= Henry Maurice (theologian) =

Welsh clergyman

Henry Maurice (c. 1647 - 30 October 1691) was a Welsh clergyman who became Lady Margaret Professor of Divinity at Oxford University.

==Life==
Maurice, the son of Thomas Maurice, curate of the parish of Llangristiolus, Anglesey, was educated at Beaumaris Grammar School. He then matriculated at Jesus College, Oxford in 1664 at the age of 16, graduating with a B.A. degree in 1668. His ability led to Leoline Jenkins, the college principal, taking an interest in him, and Maurice was elected to a fellowship in 1670 (a position he retained until 1685). He obtained further degrees: M.A. (1671), B.D. (1679) and D.D. (1683). After his ordination, he became curate of Cheltenham after 1669, returning to the college in 1671 only to leave in 1673 to accompany Jenkins as his chaplain to the Congress of Cologne, where Jenkins was an English representative in attempts to settle the Third Anglo-Dutch War. Maurice gained skills in modern languages on this mission and at later negotiations with Jenkins at Nijmegen.

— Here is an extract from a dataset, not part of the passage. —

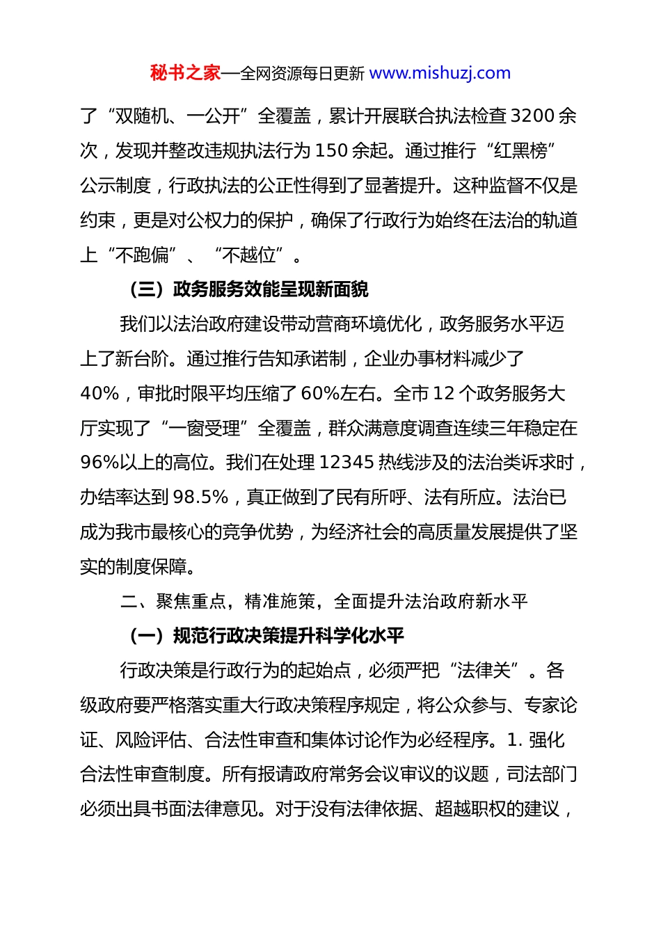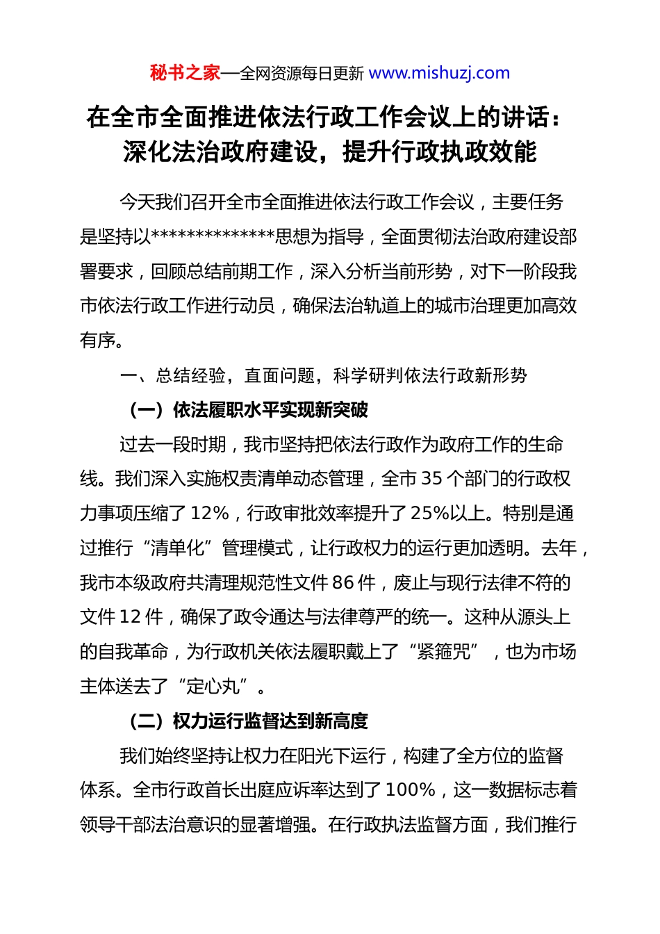 秘书之家—全网资源每日更新 www.mishuzj.com在全市全面推进依法行政工作会议上的讲话:深化法治政府建设,提升行政执政效能今天我们召开全市全面推进依法行政工作会议,主要任务是坚持以**************思想为指导,全面贯彻法治政府建设部署要求,回顾总结前期工作,深入分析当前形势,对下一阶段我市依法行政工作进行动员,确保法治轨道上的城市治理更加高效有序。一、总结经验,直面问题,科学研判依法行政新形势(一)依法履职水平实现新突破过去一段时期,我市坚持把依法行政作为政府工作的生命线。我们深入实施权责清单动态管理,全市 35 个部门的行政权力事项压缩了 12%,行政审批效率提升了 25%以上。特别是通过推行“清单化”管理模式,让行政权力的运行更加透明。去年,我市本级政府共清理规范性文件 86 件,废止与现行法律不符的文件 12 件,确保了政令通达与法律尊严的统一。这种从源头上的自我革命,为行政机关依法履职戴上了“紧箍咒”,也为市场主体送去了“定心丸”。(二)权力运行监督达到新高度我们始终坚持让权力在阳光下运行,构建了全方位的监督体系。全市行政首长出庭应诉率达到了 100%,这一数据标志着领导干部法治意识的显著增强。在行政执法监督方面,我们推行秘书之家—全网资源每日更新 www.mishuzj.com了“双随机、一公开”全覆盖,累计开展联合执法检查 3200 余次,发现并整改违规执法行为 150 余起。通过推行“红黑榜”公示制度,行政执法的公正性得到了显著提升。这种监督不仅是约束,更是对公权力的保护,确保了行政行为始终在法治的轨道上“不跑偏”、“不越位”。(三)政务服务效能呈现新面貌我们以法治政府建设带动营商环境优化,政务服务水平迈上了新台阶。通过推行告知承诺制,企业办事材料减少了40%,审批时限平均压缩了 60%左右。全市 12 个政务服务大厅实现了“一窗受理”全覆盖,群众满意度调查连续三年稳定在96%以上的高位。我们在处理 12345 热线涉及的法治类诉求时,办结率达到 98.5%,真正做到了民有所呼、法有所应。法治已成为我市最核心的竞争优势,为经济社会的高质量发展提供了坚实的制度保障。二、聚焦重点,精准施策,全面提升法治政府新水平(一)规范行政决策提升科学化水平行政决策是行政行为的起始点,必须严把“法律关”。各级政府要严格落实重大行政决策程序规定,将公众参与、专家论证、风险评估、合法性审查和集体讨论作为必经程序。1. 强化合法性审查制度。所有报请政府常务会议审议的议题,司法部门必须出具书面法律意见。对于没有法律依据、超越职权的建议,秘书之家—全网资源每日更新 www.mishuzj.com必须实行“一票否决”。2. 完善政府法律顾问制度。我们要从“有没有”转向“好不好”,让法律顾问在政策出台前进行深度参与,而不是在出事后“补漏洞”。去年法律顾问参与决策咨询400 余次,今年要进一步提高深度,让专业意见成为决策的“压舱石”。3. 建立决策后评估机制。针对已经实施的重大政策,要定期开展法治体检,发现问题及时修补,防止政策偏差带来的法治风险。(二)深化执法改革提升规范化水平行政执法是法治政府建设的“重头戏”,直接关系群众的获得感。首先,要全面推行行政执法三项制度。行政执法公示、全过程记录、合法性审核必须做到不留死角、不走过场。每一件执法案件都要有据可查、有影可看,让“暗箱操作”彻底失去空间。其次,要推进基层整合改革。针对基层执法力量分散、交叉管辖的问题,我们要大力推广“综合行政执法”模式,实现一支队伍管执法,解决“看得见的管不着、管得着的看不见”的难题。最后,要彰显执法温度。我们要大力推行“柔性执法”,完善容错免罚清单。对于初次违法、社会危害较小的行为,要多用提醒、告诫等手段,严禁“一刀切”式执法,让法治既有“力度”更有“温度”。(三)优化政务服务提升便利化水平我们要以法治思维破除体制机制障碍,在政务服务上“做秘书之家—全网资源每日更新 www.mishuzj.com减法”。一是要深化证照分离改革。要通过法律手段破除“准入不准营”的怪圈,进一步扩告知承诺制的适用范围。计划在年底前,再取消...

In 1680, William Lloyd, Bishop of St Asaph, helped Maurice to be appointed domestic chaplain to William Sancroft, Archbishop of Canterbury (a position that Maurice held until 1691). During this period, he became Treasurer of Chichester Cathedral, rector of Chevening, Kent, and sinecure rector of Llandrillo-yn-Rhos, Denbighshire. He also became rector of Newington, Oxfordshire. He also wrote and preached extensively. On 18 July 1691, Maurice was elected Lady Margaret Professor of Divinity (by only six votes) and was appointed to the accompanying prebend of Worcester Cathedral. He died suddenly shortly afterwards, on 30 October 1691, and was buried in the chancel of the church at Newington. He left his library to Jesus College.